▶ [TASK DESCRIPTION]
Beginning with the line containing "Imbued with spiritual" and ending at the last line of the data, set down every line exactly, leaving out all pictures.

▶ [GIVEN DATA]
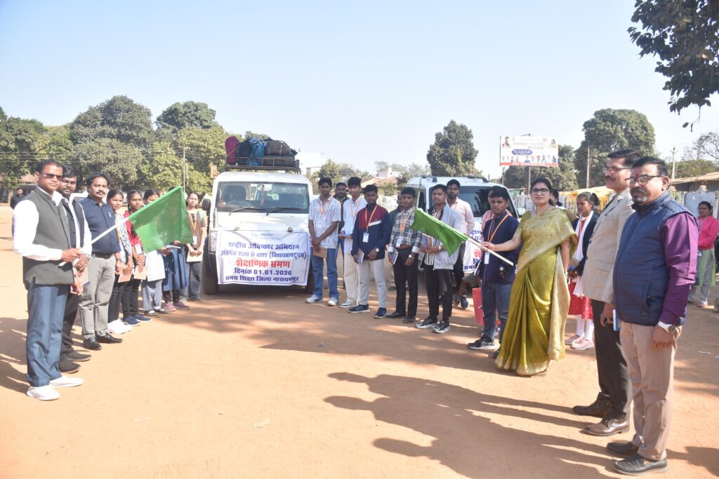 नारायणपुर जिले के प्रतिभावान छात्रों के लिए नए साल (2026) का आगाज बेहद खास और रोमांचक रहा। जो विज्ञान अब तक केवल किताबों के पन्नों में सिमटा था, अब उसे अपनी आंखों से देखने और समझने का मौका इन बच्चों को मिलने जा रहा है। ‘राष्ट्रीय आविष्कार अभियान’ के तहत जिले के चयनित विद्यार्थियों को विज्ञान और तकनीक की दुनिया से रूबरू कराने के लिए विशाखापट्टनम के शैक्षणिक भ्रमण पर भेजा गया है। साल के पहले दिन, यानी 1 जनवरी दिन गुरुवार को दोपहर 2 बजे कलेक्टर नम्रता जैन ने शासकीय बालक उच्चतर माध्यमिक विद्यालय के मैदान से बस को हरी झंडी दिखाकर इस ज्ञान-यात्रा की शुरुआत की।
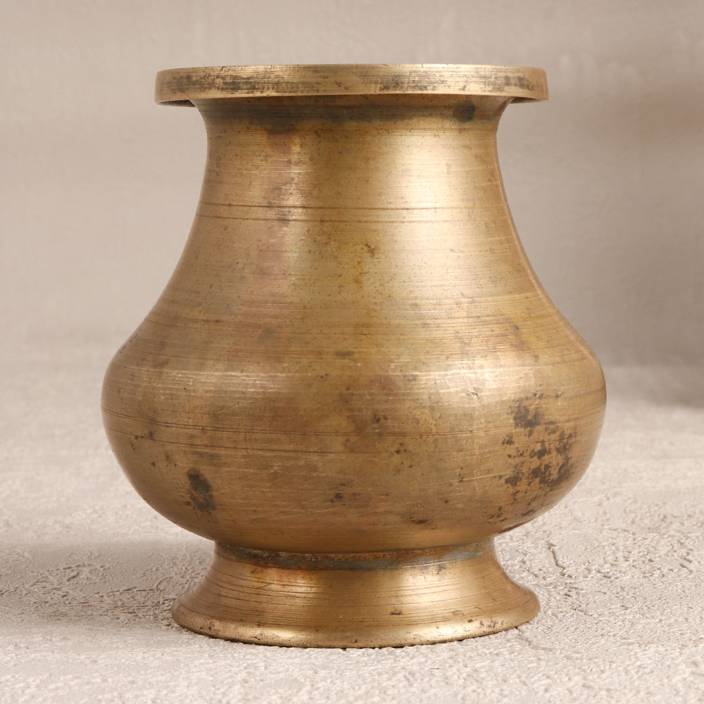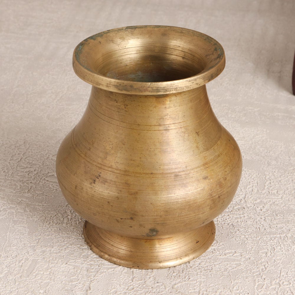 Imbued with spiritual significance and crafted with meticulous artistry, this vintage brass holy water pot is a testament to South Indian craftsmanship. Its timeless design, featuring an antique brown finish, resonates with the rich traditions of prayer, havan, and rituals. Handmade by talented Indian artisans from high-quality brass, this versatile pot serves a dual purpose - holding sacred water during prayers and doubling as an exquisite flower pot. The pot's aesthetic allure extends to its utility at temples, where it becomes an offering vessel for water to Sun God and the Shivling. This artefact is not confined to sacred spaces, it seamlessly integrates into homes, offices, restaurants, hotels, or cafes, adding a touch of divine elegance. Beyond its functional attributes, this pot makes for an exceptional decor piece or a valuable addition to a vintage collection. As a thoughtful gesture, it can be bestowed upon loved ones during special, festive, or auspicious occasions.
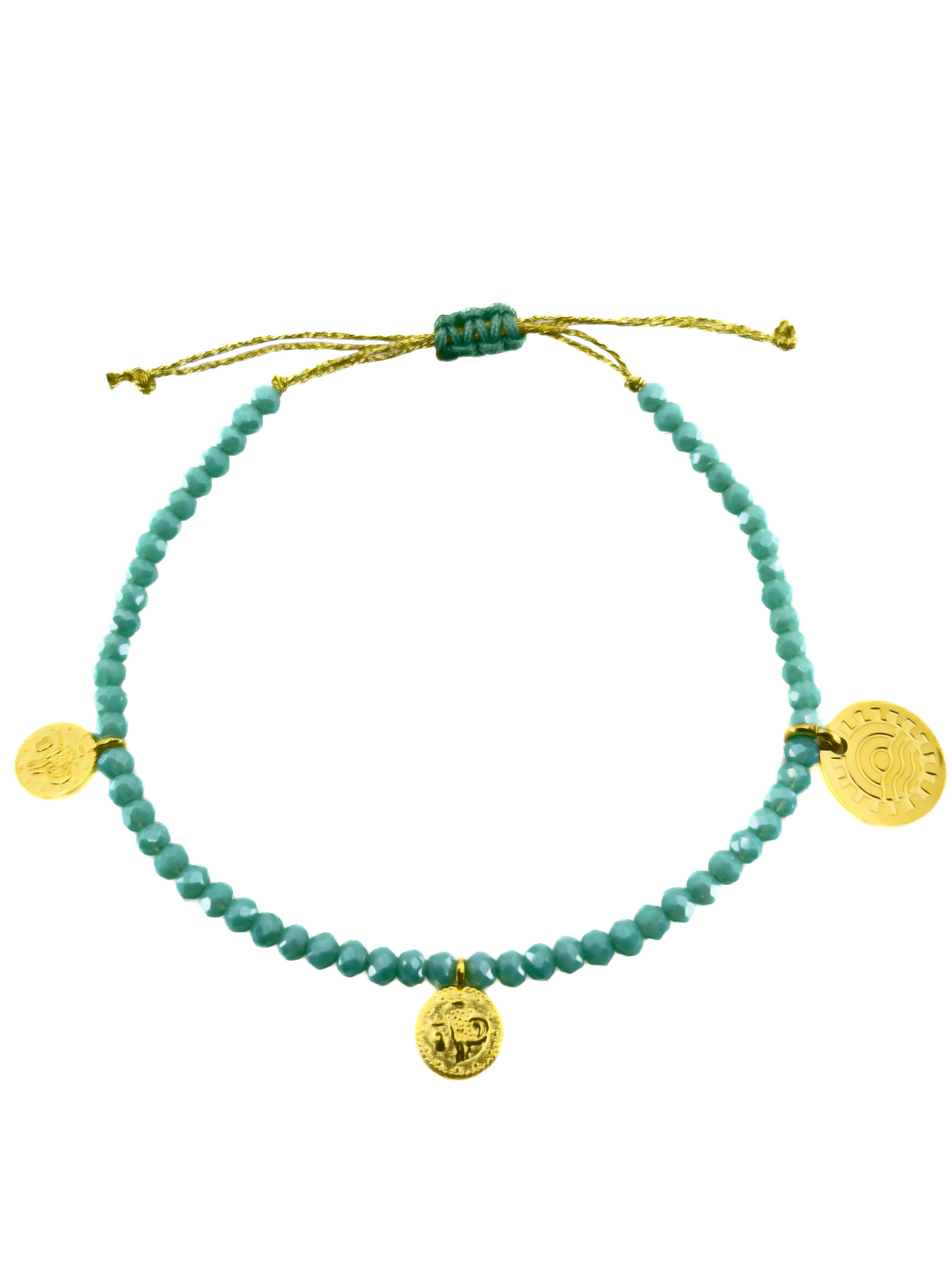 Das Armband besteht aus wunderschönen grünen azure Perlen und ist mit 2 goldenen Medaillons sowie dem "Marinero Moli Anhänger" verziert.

▶ [PROBLEM SOLUTION]
 Imbued with spiritual significance and crafted with meticulous artistry, this vintage brass holy water pot is a testament to South Indian craftsmanship. Its timeless design, featuring an antique brown finish, resonates with the rich traditions of prayer, havan, and rituals. Handmade by talented Indian artisans from high-quality brass, this versatile pot serves a dual purpose - holding sacred water during prayers and doubling as an exquisite flower pot. The pot's aesthetic allure extends to its utility at temples, where it becomes an offering vessel for water to Sun God and the Shivling. This artefact is not confined to sacred spaces, it seamlessly integrates into homes, offices, restaurants, hotels, or cafes, adding a touch of divine elegance. Beyond its functional attributes, this pot makes for an exceptional decor piece or a valuable addition to a vintage collection. As a thoughtful gesture, it can be bestowed upon loved ones during special, festive, or auspicious occasions.
 Das Armband besteht aus wunderschönen grünen azure Perlen und ist mit 2 goldenen Medaillons sowie dem "Marinero Moli Anhänger" verziert.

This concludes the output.